In moviepy.video.compositing.CompositeVideoClip.CompositeVideoClip change the make_frame func:

        def make_frame(t):
            full_w, full_h = self.bg.size
            f = self.bg.get_frame(t).astype('uint8')
            bg_im = Image.fromarray(f)
            for c in self.playing_clips(t):
                img, pos, mask, ismask = c.new_blit_on(t, f)

                x, y = pos
                w, h = c.size

                out_x = x < -w or x == full_w
                out_y = y < -h or y == full_h

                if out_x and out_y:
                    continue

                pos = (int(round(min(max(-w, x), full_w))),
                       int(round(min(max(-h, y), full_h))))

                paste_im = Image.fromarray(img)

                if mask is not None:
                    mask_im = Image.fromarray(255 * mask).convert('L')
                    bg_im.paste(paste_im, pos, mask_im)
                else:
                    bg_im.paste(paste_im, pos)

            result_frame = np.array(bg_im)

            return result_frame.astype('uint8') if (not ismask) else result_frame

In moviepy.video.VideoClip.VideoClip add a new method new_blit_on:

    def new_blit_on(self, t, picture):
        hf, wf = framesize = picture.shape[:2]

        if self.ismask and picture.max() != 0:
            return np.minimum(1, picture + self.blit_on(np.zeros(framesize), t))

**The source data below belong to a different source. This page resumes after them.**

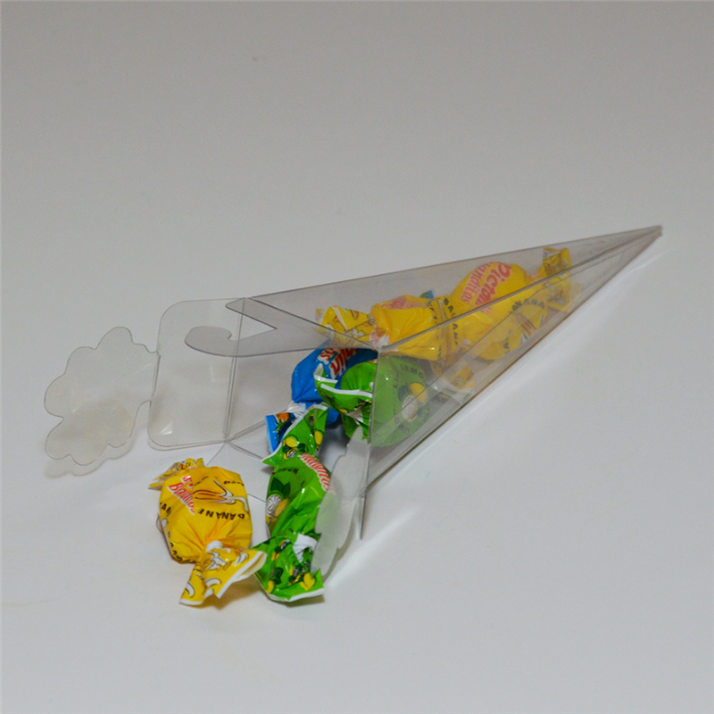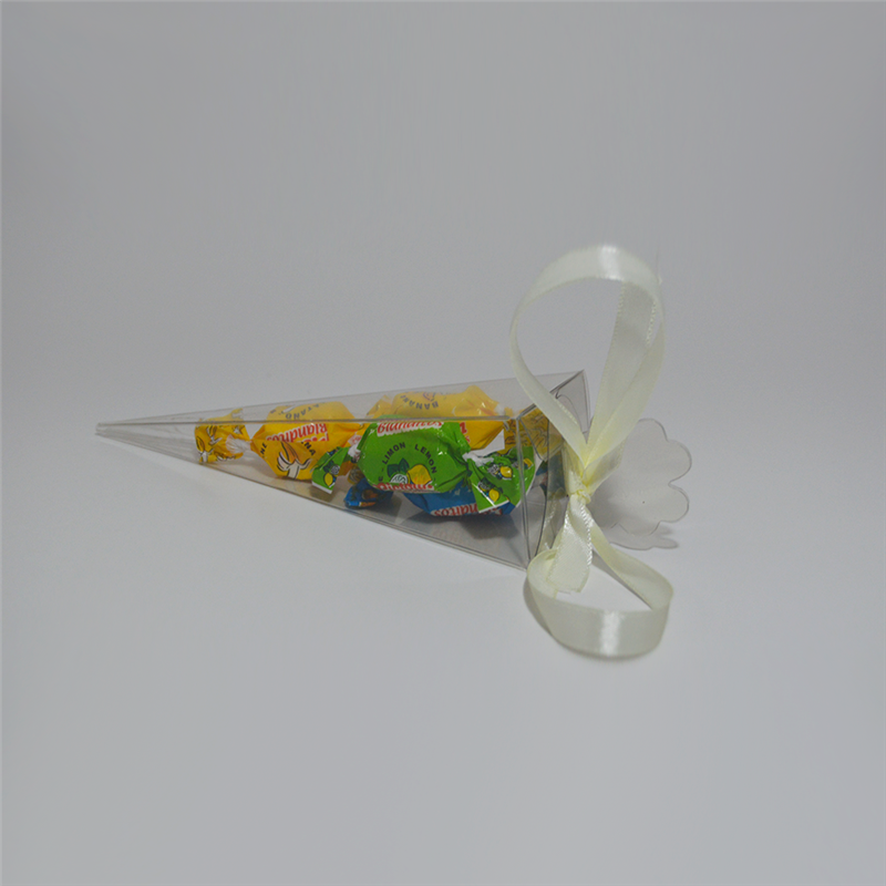 Clear PVC acetate box in cone shape. Ideal for chocolates, candies, and bakery products.
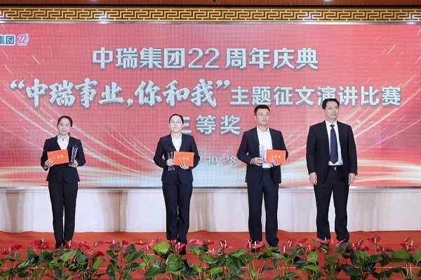 “中瑞事業(yè),你和我”主題征文演講比賽在慶典上精彩上演。來自集團各條戰(zhàn)線上的20名職工代表,從自身崗位出發(fā),聲情并茂地講述著自己和中瑞的故事,訴說著自己感恩事業(yè)平臺、與中瑞一起成長的點點滴滴,歌頌了拼搏進(jìn)取、勤勞奉獻(xiàn),服務(wù)真誠、擔(dān)當(dāng)作為的中瑞人品格。
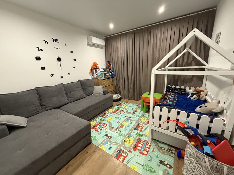 Квартира повністю мебльована, все що на фото крім дитячого ліжка. Є сигналізація, відеоспостереження, кондиціонери в кожній кімнаті, електротехніка, закрита територія з охороною. Поряд атб, трц Дафі, аптека, дитячі гуртки, кавʼярні, нова та укр пошта.
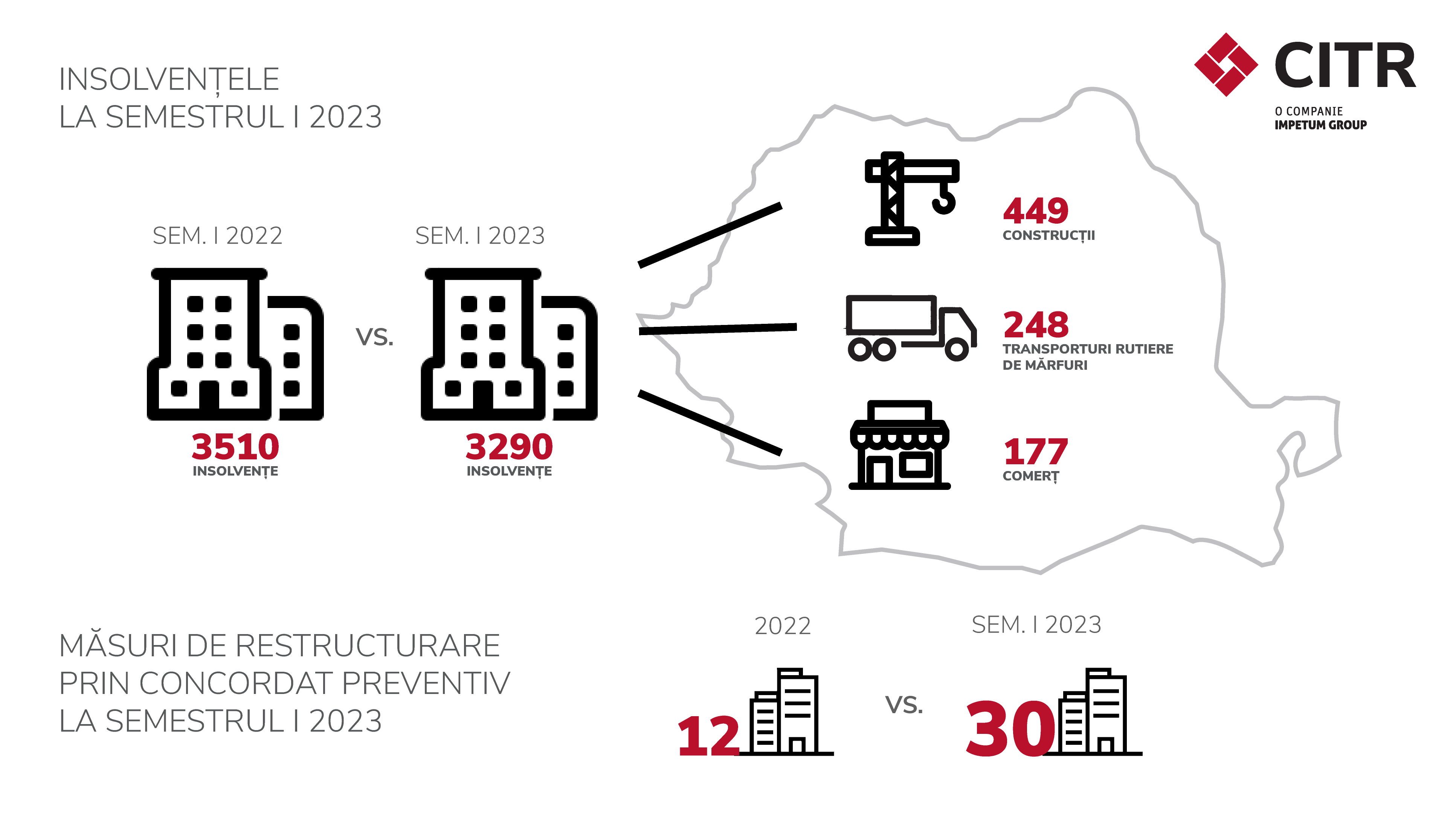 CITR: În primul semestru al 2023, mediul antreprenorial a fost mai orientat către noile mecanisme de restructurare – numărul companiilor care au apelat la concordat preventiv crește, iar numărul celor care au intrat în insolvență rămâne relativ constant

        ct = t - self.start  # clip time

        # GET IMAGE AND MASK IF ANY

        img = self.get_frame(ct)
        mask = (None if (self.mask is None) else
                self.mask.get_frame(ct))
        if mask is not None:
            if (img.shape[0] != mask.shape[0]) or (img.shape[1] != mask.shape[1]):
                img = self.fill_array(img, mask.shape)
        hi, wi = img.shape[:2]

        # SET POSITION

        pos = self.pos(ct)

        # preprocess short writings of the position
        if isinstance(pos, str):
            pos = {'center': ['center', 'center'],
                   'left': ['left', 'center'],
                   'right': ['right', 'center'],
                   'top': ['center', 'top'],
                   'bottom': ['center', 'bottom']}[pos]
        else:
            pos = list(pos)

        # is the position relative (given in % of the clip's size) ?
        if self.relative_pos:
            for i, dim in enumerate([wf, hf]):
                if not isinstance(pos[i], str):
                    pos[i] = dim * pos[i]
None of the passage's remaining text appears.